Word for word, return each entry that follows, with every image removed.

....

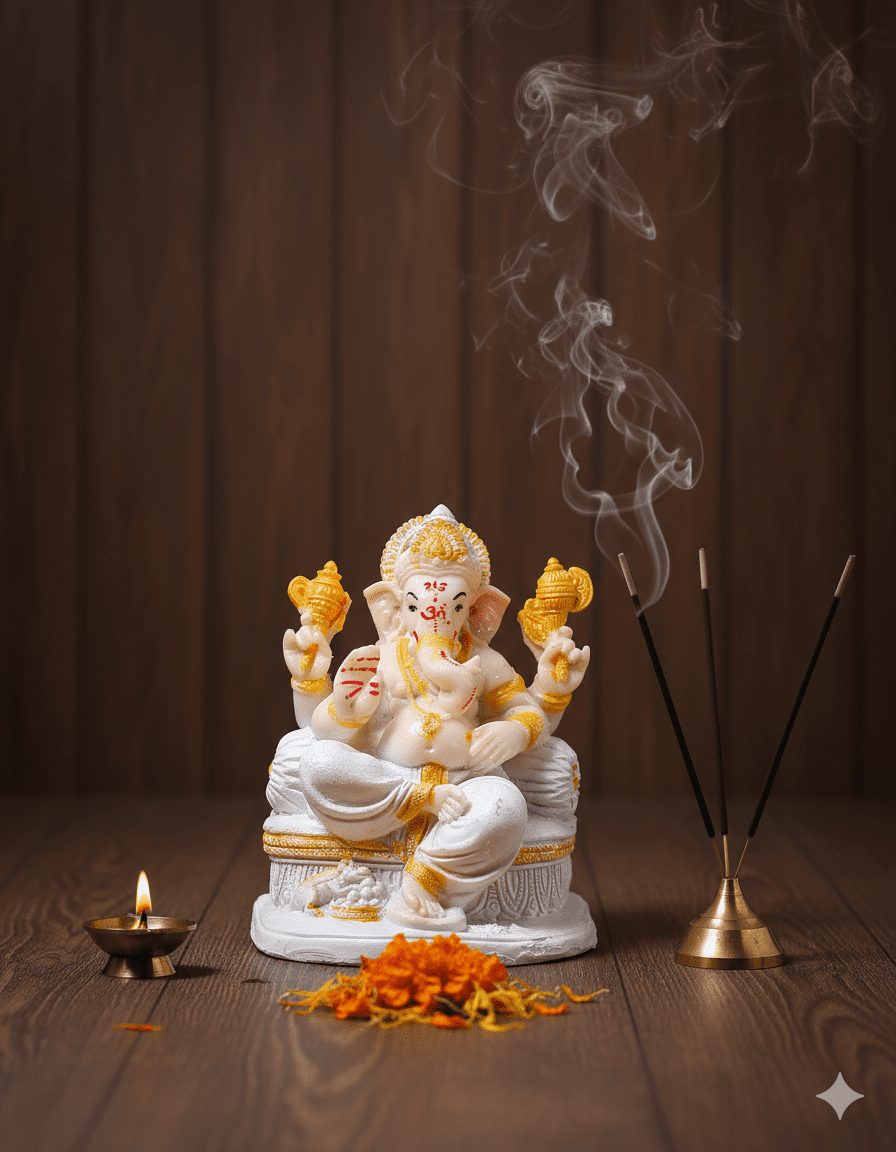 The Radiant 8.5-Inch White and Gold Gadi Ganesha
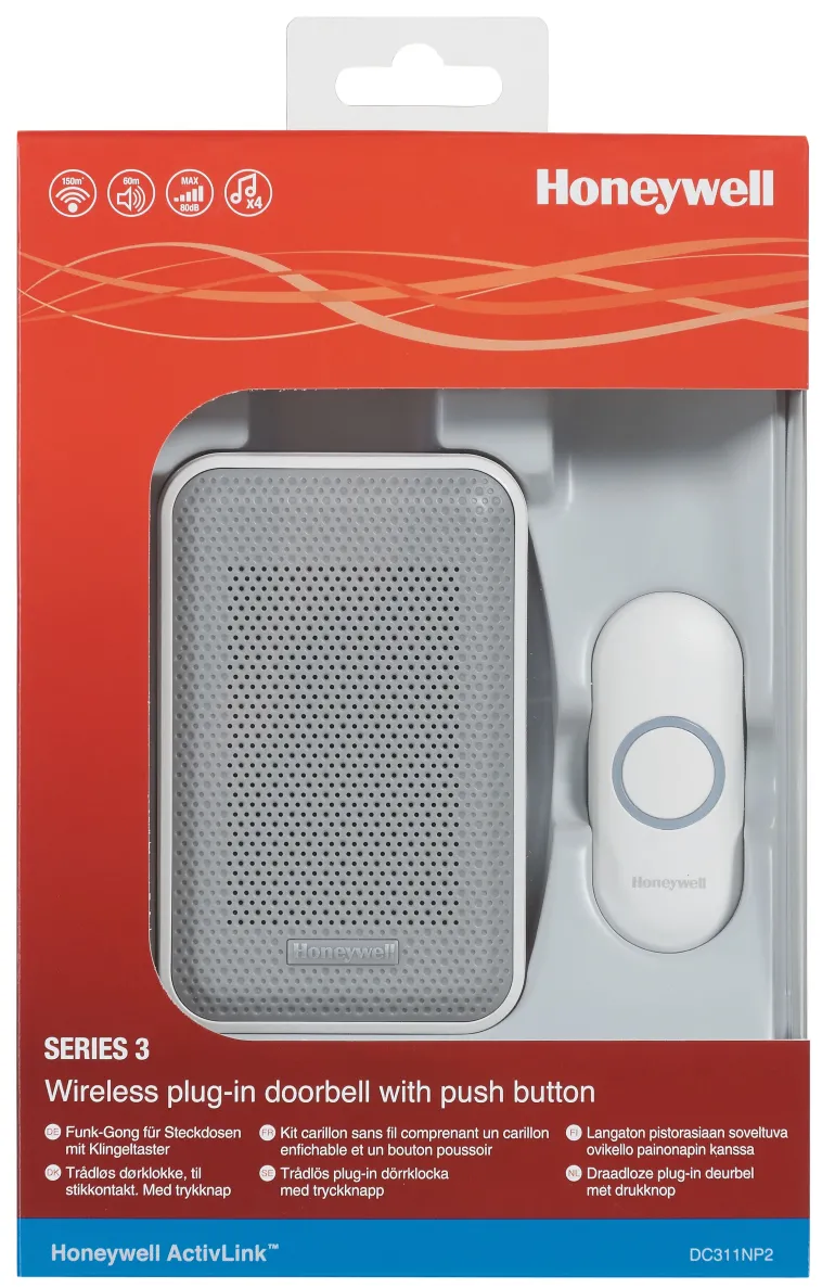 Honeywell Home DC311NP2 on valkoinen ovikello, jossa on tyylikäs muotoilu ja takana pistoke. Ovikelloon ei siis tarvitse vaihtaa paristoja. Ovikello DC311NP2 on valmis käytettäväksi suoraan pakkauksesta ja muodostaa langattoman yhteyden oven painonappiin 150 metrin etäisyydellä. Ovikellon voi sijoittaa minne tahansa talossa. Mukana säänkestävä painike ja paristo CR2032. Äänenvoimakkuus 80 dB.
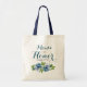 Pretty navy blue floral design for these personalized wedding party tote bags
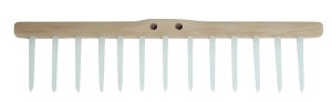 Silné kovové hrábě s 14 hroty a dřevěnou násadou.
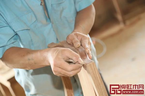 除了榫卯工藝,雄業(yè)·本木上造的刮磨技藝也值得一提。打磨師傅無數(shù)次的打磨,呈現(xiàn)出平滑、有質(zhì)感、富有層次的效果。每一個紋理和質(zhì)感的細(xì)微變化都顯示出無與倫比的細(xì)致處理和深厚的技術(shù)功底。
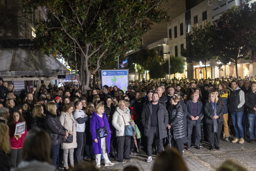 Βουβό “αντίο” στα τρία δικά τους κορίτσια, την Αναστασία, τη Θώμη και τη Χρύσα, αλλά και στα υπόλοιπα αδικοχαμένα παιδιά του σιδηροδρομικού δυστυχήματος των Τεμπών, είπαν το βράδυ της Τρίτης οι Τρικαλινοί.
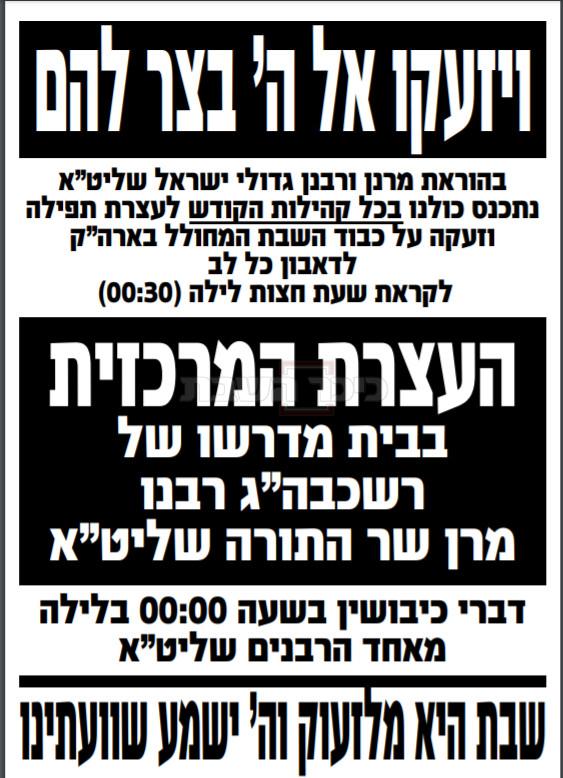 לטובת הציבור כדאי שכל אחד ירשום את המקומות שהוא יודע שמקיימים היום עצרת בחצות לזעוק ולהתפלל את זעקת השבת
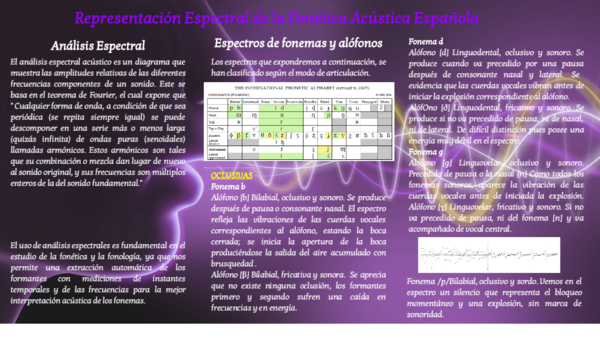 Los espectros que expondremos a continuación, se han clasificado según el modo de articulación.

....

= Written solution =
 The Radiant 8.5-Inch White and Gold Gadi Ganesha
 Honeywell Home DC311NP2 on valkoinen ovikello, jossa on tyylikäs muotoilu ja takana pistoke. Ovikelloon ei siis tarvitse vaihtaa paristoja. Ovikello DC311NP2 on valmis käytettäväksi suoraan pakkauksesta ja muodostaa langattoman yhteyden oven painonappiin 150 metrin etäisyydellä. Ovikellon voi sijoittaa minne tahansa talossa. Mukana säänkestävä painike ja paristo CR2032. Äänenvoimakkuus 80 dB.
 Pretty navy blue floral design for these personalized wedding party tote bags
 Silné kovové hrábě s 14 hroty a dřevěnou násadou.
 除了榫卯工藝,雄業(yè)·本木上造的刮磨技藝也值得一提。打磨師傅無數(shù)次的打磨,呈現(xiàn)出平滑、有質(zhì)感、富有層次的效果。每一個紋理和質(zhì)感的細(xì)微變化都顯示出無與倫比的細(xì)致處理和深厚的技術(shù)功底。
 Βουβό “αντίο” στα τρία δικά τους κορίτσια, την Αναστασία, τη Θώμη και τη Χρύσα, αλλά και στα υπόλοιπα αδικοχαμένα παιδιά του σιδηροδρομικού δυστυχήματος των Τεμπών, είπαν το βράδυ της Τρίτης οι Τρικαλινοί.
 לטובת הציבור כדאי שכל אחד ירשום את המקומות שהוא יודע שמקיימים היום עצרת בחצות לזעוק ולהתפלל את זעקת השבת
 Los espectros que expondremos a continuación, se han clasificado según el modo de articulación.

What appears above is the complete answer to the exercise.